What if when looking at the inputted numbers, one at a time, you also looked for other ints in the input that would extend the int you have to form a longer  range?  Keep tab of the longest range so far and if you remove ints from the pool as they form ranges, when the pool is empty, you should know the longest range.

I added the printout of the longest range too.

My code

def consec_seq(ints) -> tuple[int, int, int]:
    "Extract longest_seq_length, its_min, its_max"
    pool = set(ints)
    longest, longest_mn, longest_mx = 0, 1, 0
    while pool:
        this = start = pool.pop()
        ln = 1
        # check down
        while (this:=(this - 1)) in pool:
            ln += 1
            pool.remove(this)
        mn = this + 1
        # check up
        this = start
        while (this:=(this + 1)) in pool:
            ln += 1
            pool.remove(this)
        mx = this - 1
        # check longest
        if ln > longest:
            longest, longest_mn, longest_mx = ln, mn, mx

    return longest,longest_mn,longest_mx

def _test():
    for ints in[(),
            (69,),
            (-20, 78, 79, 1, 100),
            (10, 4, 20, 1, 3, 2),
            (0, 6, 1, 8, 5, 2, 4, 3, 0, 7),
            (10, 30, 20),
            (2,4,3,1,0, 10,12,11,8,9),  # two runs of five
            (10,12,11,8,9, 2,4,3,1,0),  # two runs of five - reversed
            (2,4,3,1,0,-1, 10,12,11,8,9),  # runs of 6 and 5
            (2,4,3,1,0, 10,12,11,8,9,7),   # runs of 5 and 6
            ]:
        print(f"Input {ints = }")
        longest, longest_mn, longest_mx = consec_seq(ints)

        if longest <2:
            print("  -1")
        else:
            print(f"  The/A longest sequence has {longest} elements {longest_mn}..{longest_mx}")


# %%
if __name__ == '__main__':
    _test()

Sample output

Input ints = ()
  -1
Input ints = (69,)
  -1
Input ints = (-20, 78, 79, 1, 100)
  The/A longest sequence has 2 elements 78..79
Input ints = (10, 4, 20, 1, 3, 2)
  The/A longest sequence has 4 elements 1..4
Input ints = (0, 6, 1, 8, 5, 2, 4, 3, 0, 7)
  The/A longest sequence has 9 elements 0..8
Input ints = (10, 30, 20)
  -1
Input ints = (2, 4, 3, 1, 0, 10, 12, 11, 8, 9)
  The/A longest sequence has 5 elements 0..4
Input ints = (10, 12, 11, 8, 9, 2, 4, 3, 1, 0)
  The/A longest sequence has 5 elements 0..4
Input ints = (2, 4, 3, 1, 0, -1, 10, 12, 11, 8, 9)
  The/A longest sequence has 6 elements -1..4
Input ints = (2, 4, 3, 1, 0, 10, 12, 11, 8, 9, 7)
  The/A longest sequence has 6 elements 7..12

Another Algorithm

What if, you kept and extended ranges untill you amassed all ranges then chose the longest? I need to keep the hash lookup. dict key lookup should also be O(1).  What to look up? Look up ints that would extend a range!

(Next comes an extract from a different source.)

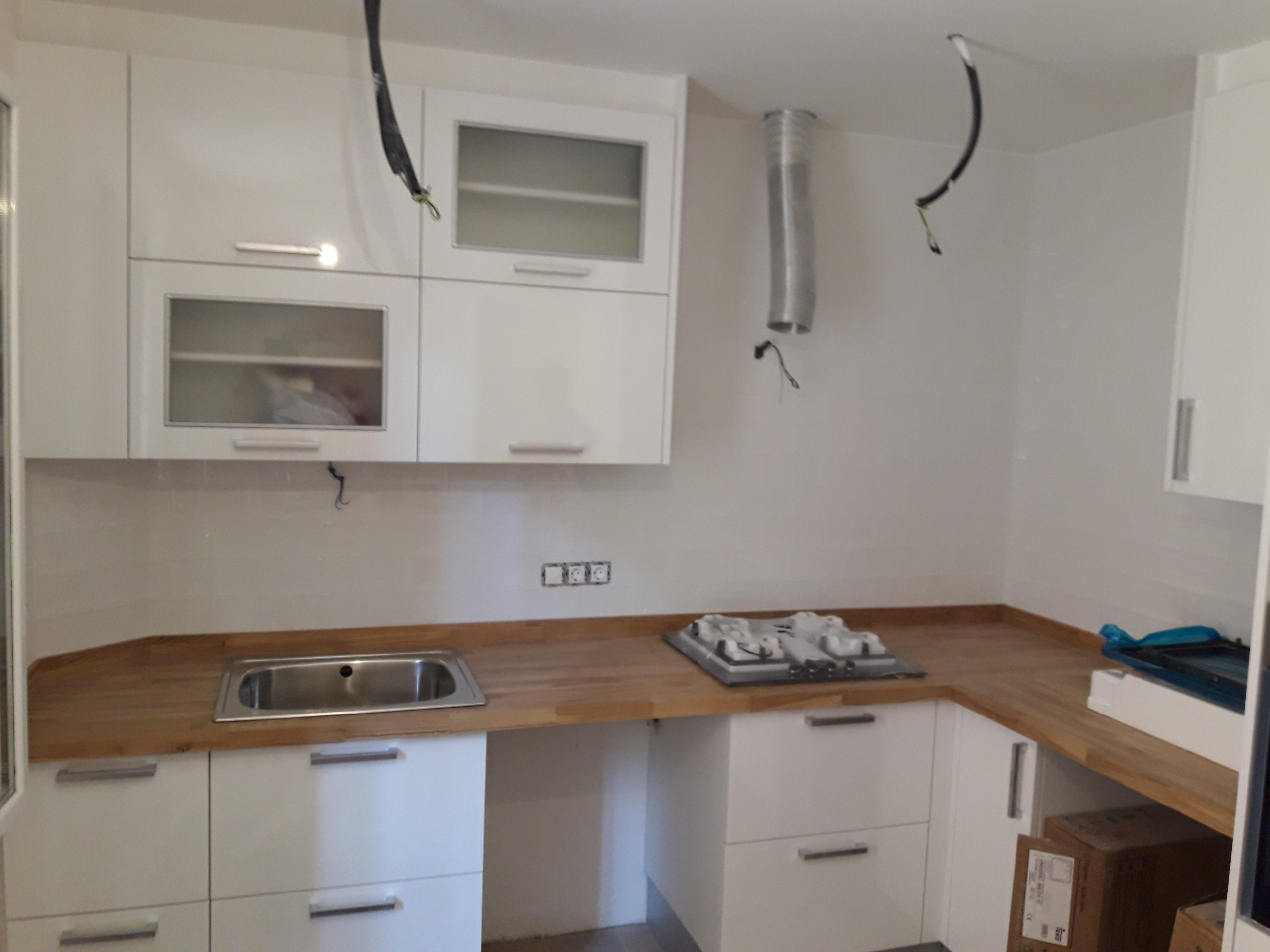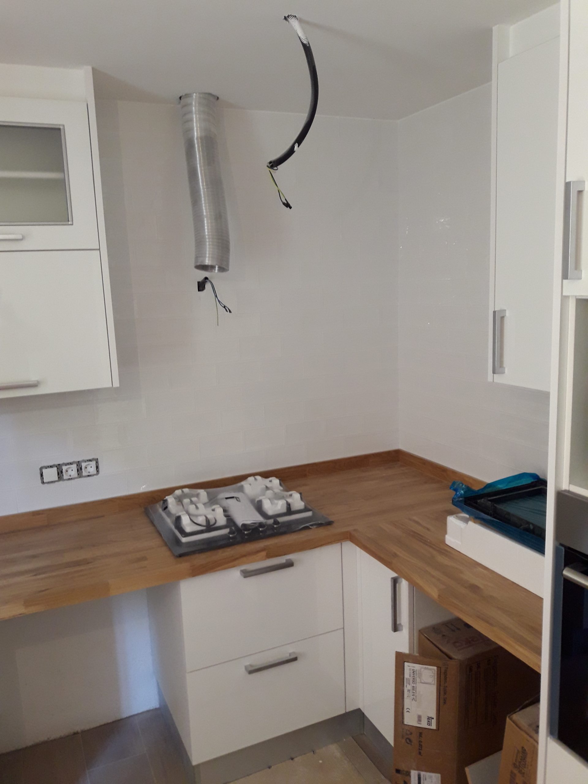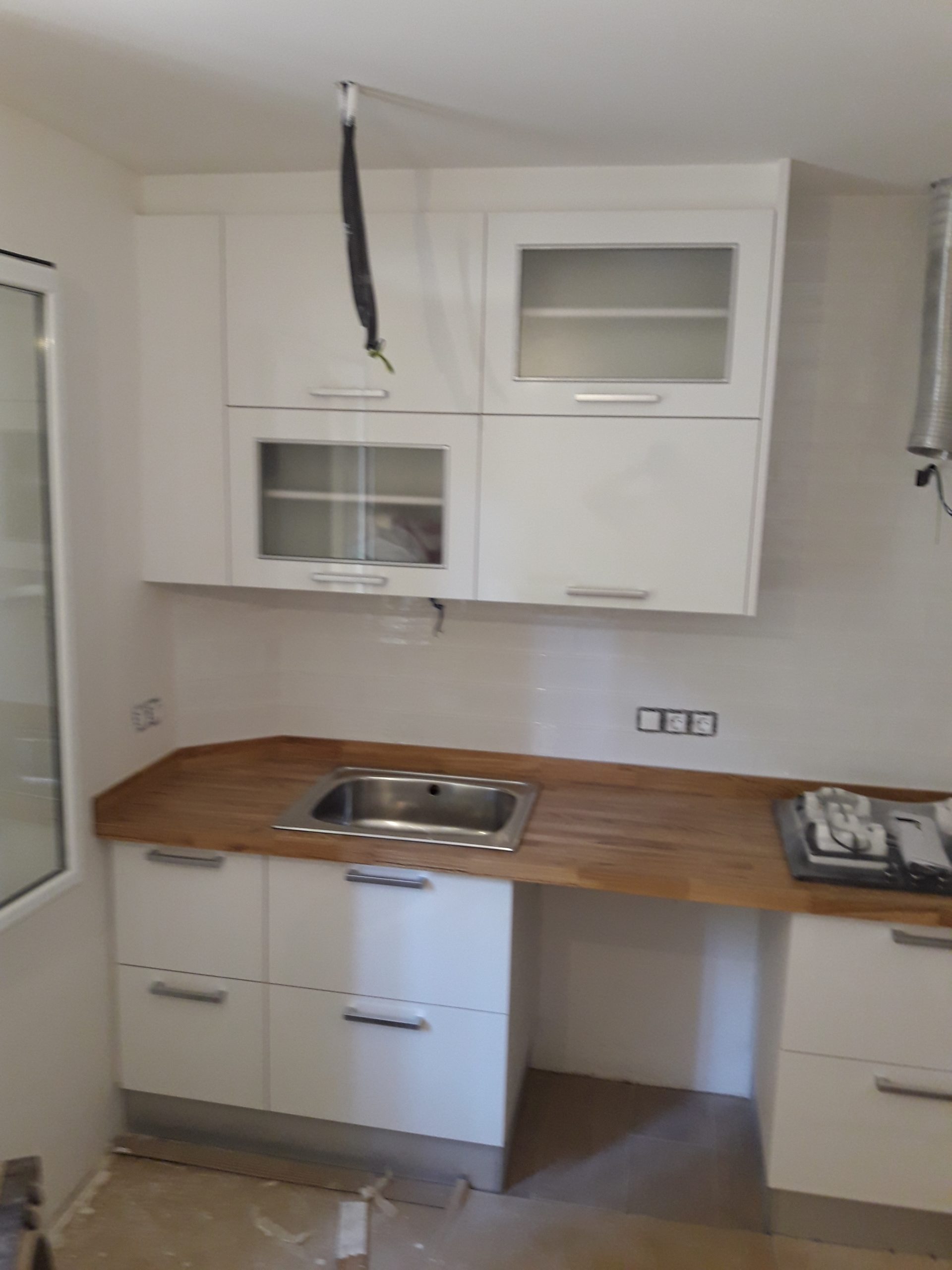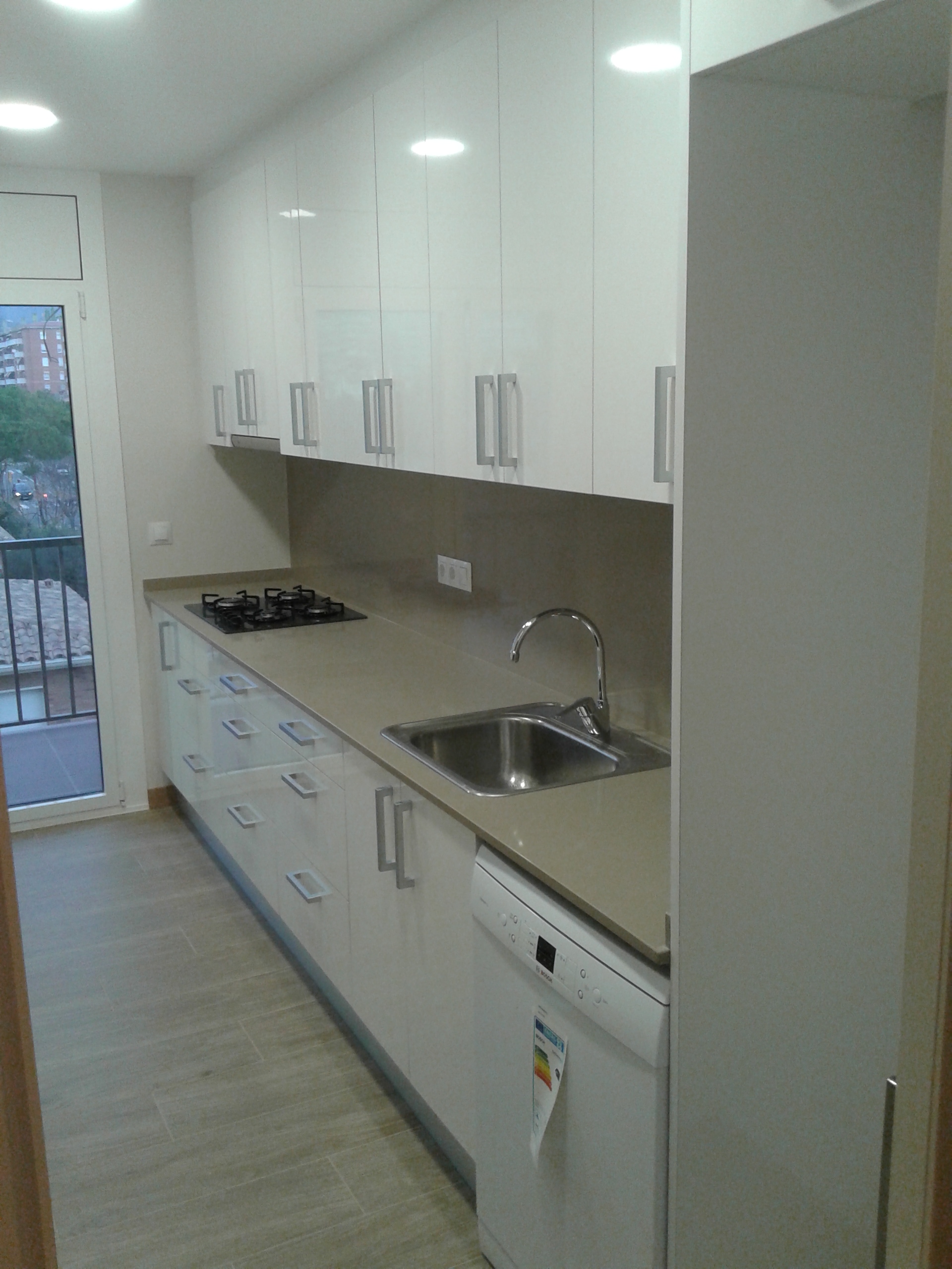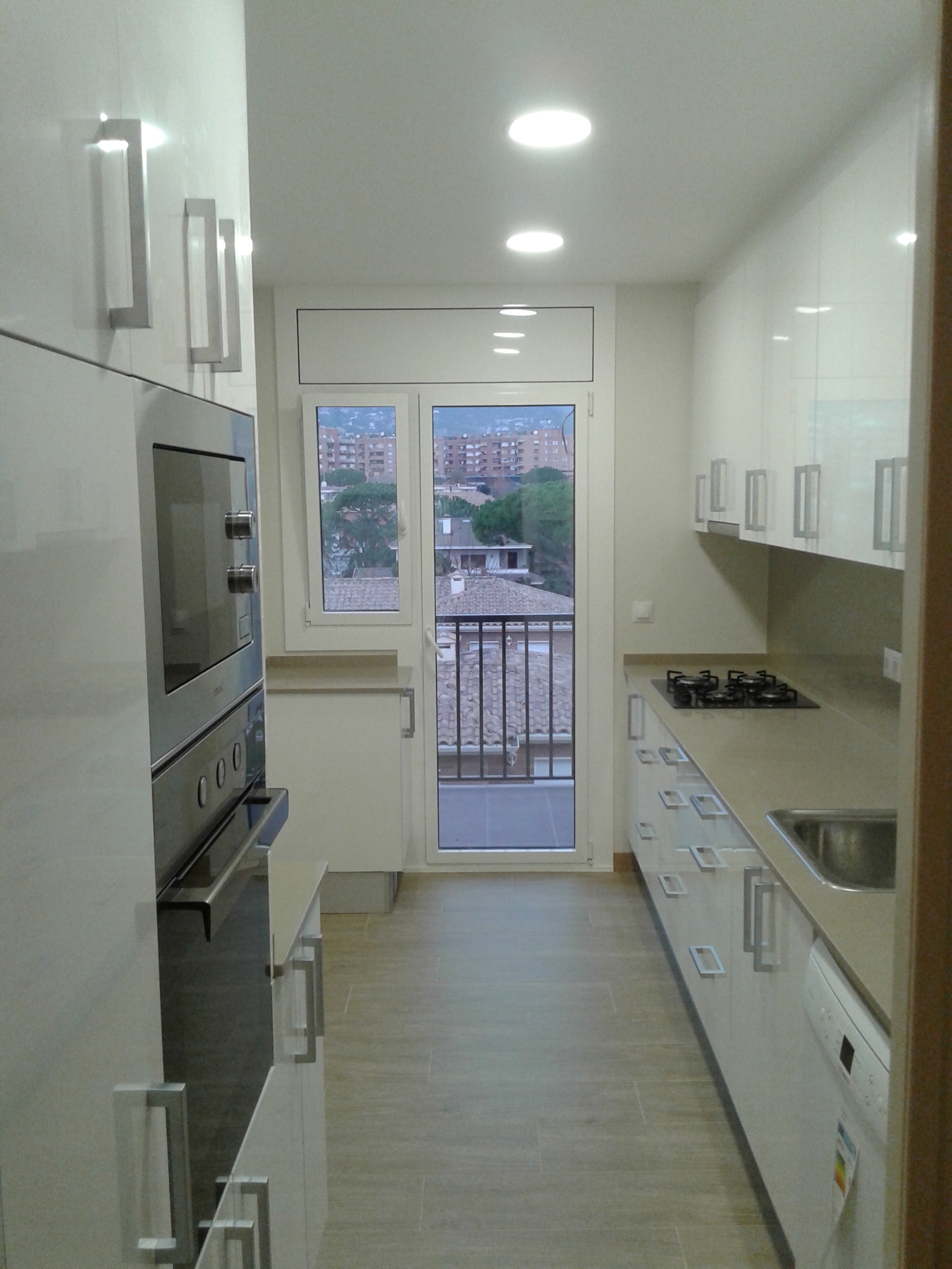 La cocina tuvimos que hacer un cambio completo ya que el cliente quería cambiar de lado lo que es la encimera , para ello tuvimos que hacer todas las instalaciones tanto de agua como eléctricas nuevas en la pared paralela, i se hicieron los revestimientos con las baldosas a gusto del cliente, también se le hizo todo un mueble de cocina a media, con unos de armarios altos a conjunto y un acabado de silestone para la encimera, en la pared frontal también le hicimos un mobiliario a medida que consistían en dos columnas, una a modo de armario y otra donde se instaló el horno y el microondas , y dos pequeños armarios bajos que también tenían acabado en silestone para que los pudiera usar como mueble auxiliar.

If you have an existing (integer) range, say 1..3 inclusive of end points then finding 0 would extend the range to 0..3 or finding one more than the range maximum, 4 would extend the original range to 1..4 

So if you have ranges then they could be extended by finding rangemin - 1 or rangemax +1. I call then extends

If you do find that the next int from the input ints is also an extends value then you need to find the range that it extends, (by lookup), so you can modify that range. - use a dict to map extends to their range and checking if an int is in the extends dict keys should also take O(1) time.

I took that sketch of an algorithm and started to code. It took two evenings to finally get something that worked and I had to work out several details that were trying. The main problem was what about coalescing ranges? if you have ranges 1..2 and 4..5 what happens when you see a 3? the resultant is the single range 1..5. It took particular test cases and extensive debugging to work out that the extends2range mapping should map to potentially more than one range and that you need to combine ranges if two of them are present for any extend value being hit.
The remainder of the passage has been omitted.